:: EXERCISE INPUTS

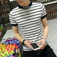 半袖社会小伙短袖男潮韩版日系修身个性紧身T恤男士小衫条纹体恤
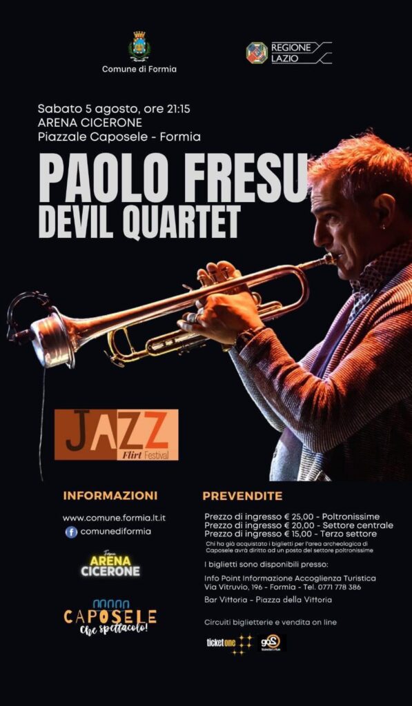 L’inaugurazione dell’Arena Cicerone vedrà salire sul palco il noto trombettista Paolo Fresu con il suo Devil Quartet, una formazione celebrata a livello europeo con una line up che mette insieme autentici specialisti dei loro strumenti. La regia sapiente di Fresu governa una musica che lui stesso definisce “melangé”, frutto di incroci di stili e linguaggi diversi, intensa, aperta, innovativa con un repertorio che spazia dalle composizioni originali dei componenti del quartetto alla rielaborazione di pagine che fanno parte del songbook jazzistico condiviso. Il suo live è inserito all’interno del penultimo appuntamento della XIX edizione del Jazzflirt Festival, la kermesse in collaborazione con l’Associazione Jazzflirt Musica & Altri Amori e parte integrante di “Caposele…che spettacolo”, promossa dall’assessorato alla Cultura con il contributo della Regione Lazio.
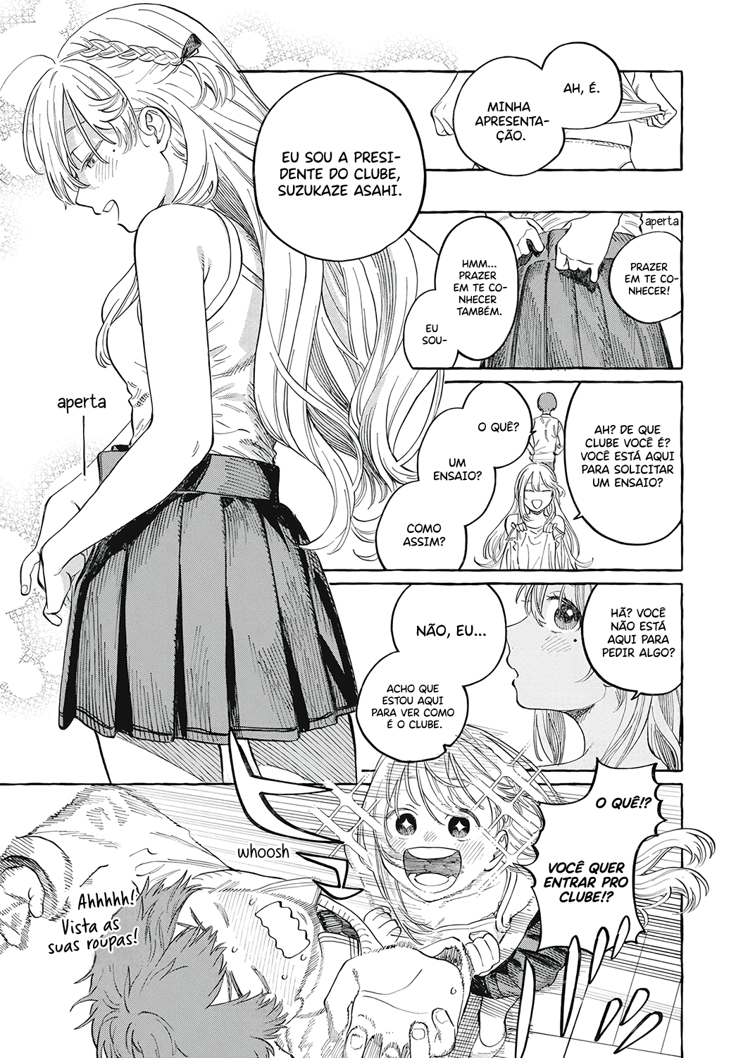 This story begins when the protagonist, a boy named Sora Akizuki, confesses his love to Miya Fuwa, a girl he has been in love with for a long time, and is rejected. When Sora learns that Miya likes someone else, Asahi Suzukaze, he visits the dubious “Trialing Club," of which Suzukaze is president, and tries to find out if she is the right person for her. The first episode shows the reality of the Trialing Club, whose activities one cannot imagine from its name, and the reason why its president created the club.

::::
:: EXERCISE INPUTS

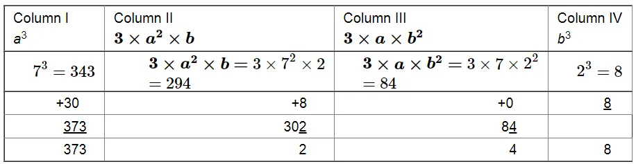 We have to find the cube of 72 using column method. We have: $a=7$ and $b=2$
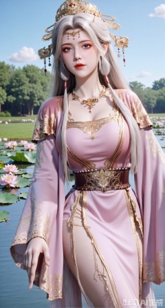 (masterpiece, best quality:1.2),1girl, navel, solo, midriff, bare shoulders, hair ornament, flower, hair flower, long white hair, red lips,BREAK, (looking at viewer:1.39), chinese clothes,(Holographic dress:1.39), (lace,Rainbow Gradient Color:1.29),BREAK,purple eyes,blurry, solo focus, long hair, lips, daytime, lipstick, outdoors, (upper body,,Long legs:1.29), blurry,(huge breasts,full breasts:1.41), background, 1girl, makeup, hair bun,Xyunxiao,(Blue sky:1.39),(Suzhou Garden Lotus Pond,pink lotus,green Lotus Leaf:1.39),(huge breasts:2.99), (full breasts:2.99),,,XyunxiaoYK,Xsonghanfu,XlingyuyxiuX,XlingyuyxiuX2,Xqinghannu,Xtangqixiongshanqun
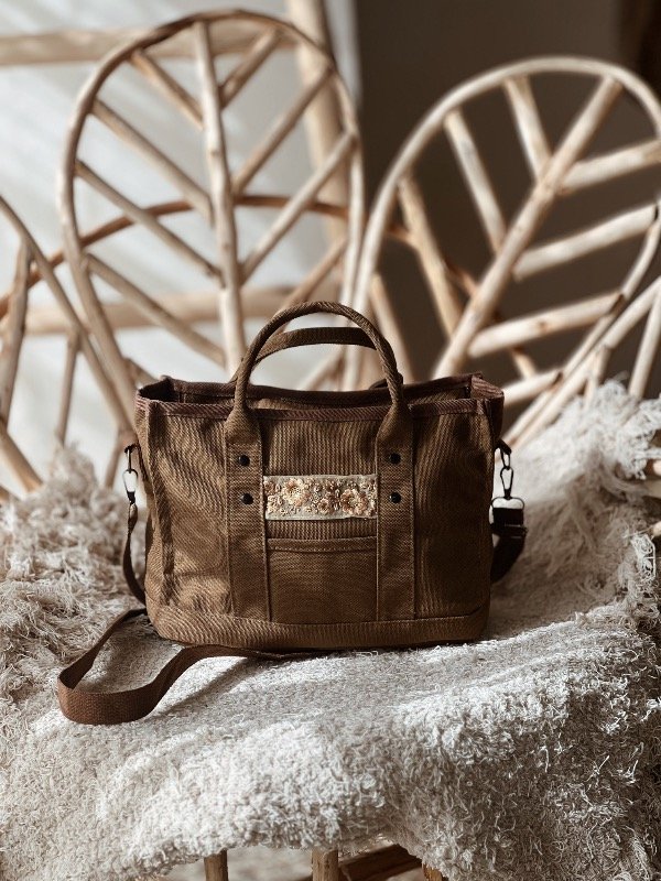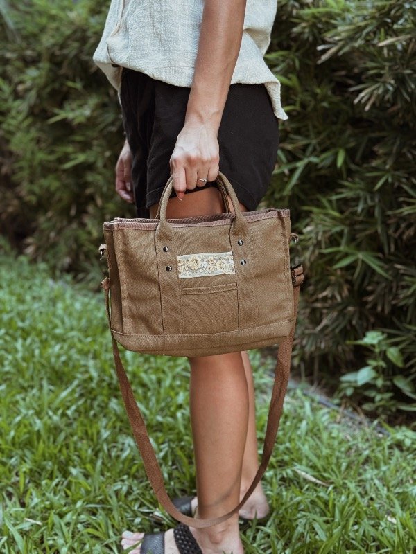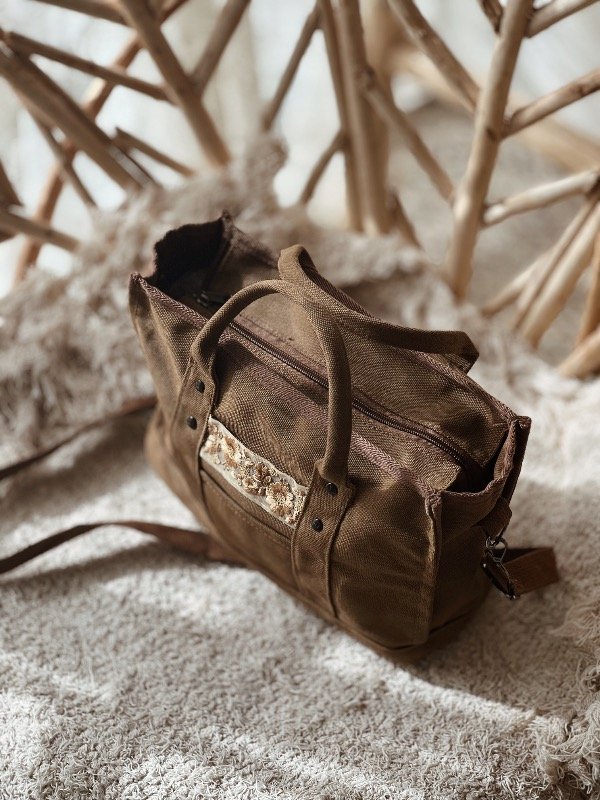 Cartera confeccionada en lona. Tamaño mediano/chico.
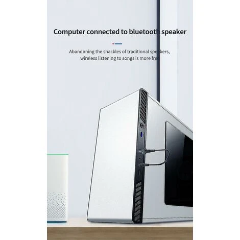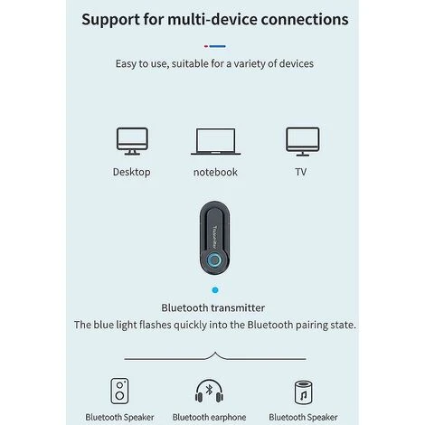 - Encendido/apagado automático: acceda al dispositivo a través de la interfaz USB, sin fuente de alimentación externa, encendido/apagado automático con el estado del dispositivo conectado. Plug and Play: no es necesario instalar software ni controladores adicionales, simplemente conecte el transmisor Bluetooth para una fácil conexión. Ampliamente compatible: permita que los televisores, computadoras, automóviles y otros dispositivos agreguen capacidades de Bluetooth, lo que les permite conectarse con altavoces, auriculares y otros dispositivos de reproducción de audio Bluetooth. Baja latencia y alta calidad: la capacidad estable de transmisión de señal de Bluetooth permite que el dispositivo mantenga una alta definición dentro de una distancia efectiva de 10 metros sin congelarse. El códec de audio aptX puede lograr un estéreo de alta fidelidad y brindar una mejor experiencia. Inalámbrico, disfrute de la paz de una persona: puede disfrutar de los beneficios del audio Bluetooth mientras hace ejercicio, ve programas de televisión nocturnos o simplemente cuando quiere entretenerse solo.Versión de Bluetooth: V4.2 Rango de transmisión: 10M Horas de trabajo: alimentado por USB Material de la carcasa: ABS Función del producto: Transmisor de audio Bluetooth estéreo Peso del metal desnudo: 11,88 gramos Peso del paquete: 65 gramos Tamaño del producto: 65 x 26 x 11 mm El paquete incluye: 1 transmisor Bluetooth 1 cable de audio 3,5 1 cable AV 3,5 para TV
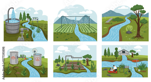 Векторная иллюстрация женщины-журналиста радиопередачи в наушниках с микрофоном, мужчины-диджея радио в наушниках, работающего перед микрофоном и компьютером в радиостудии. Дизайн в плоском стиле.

::::

● **WHAT THE TASK REQUIRES**
In the listing above, find the line containing "Cartera confeccionada en". Output it and every line after it up to and including the line containing "- Encendido/apagado automático: acceda", exactly, but skip the pictures.

● **ANSWER SECTION**
 Cartera confeccionada en lona. Tamaño mediano/chico.
 - Encendido/apagado automático: acceda al dispositivo a través de la interfaz USB, sin fuente de alimentación externa, encendido/apagado automático con el estado del dispositivo conectado. Plug and Play: no es necesario instalar software ni controladores adicionales, simplemente conecte el transmisor Bluetooth para una fácil conexión. Ampliamente compatible: permita que los televisores, computadoras, automóviles y otros dispositivos agreguen capacidades de Bluetooth, lo que les permite conectarse con altavoces, auriculares y otros dispositivos de reproducción de audio Bluetooth. Baja latencia y alta calidad: la capacidad estable de transmisión de señal de Bluetooth permite que el dispositivo mantenga una alta definición dentro de una distancia efectiva de 10 metros sin congelarse. El códec de audio aptX puede lograr un estéreo de alta fidelidad y brindar una mejor experiencia. Inalámbrico, disfrute de la paz de una persona: puede disfrutar de los beneficios del audio Bluetooth mientras hace ejercicio, ve programas de televisión nocturnos o simplemente cuando quiere entretenerse solo.Versión de Bluetooth: V4.2 Rango de transmisión: 10M Horas de trabajo: alimentado por USB Material de la carcasa: ABS Función del producto: Transmisor de audio Bluetooth estéreo Peso del metal desnudo: 11,88 gramos Peso del paquete: 65 gramos Tamaño del producto: 65 x 26 x 11 mm El paquete incluye: 1 transmisor Bluetooth 1 cable de audio 3,5 1 cable AV 3,5 para TV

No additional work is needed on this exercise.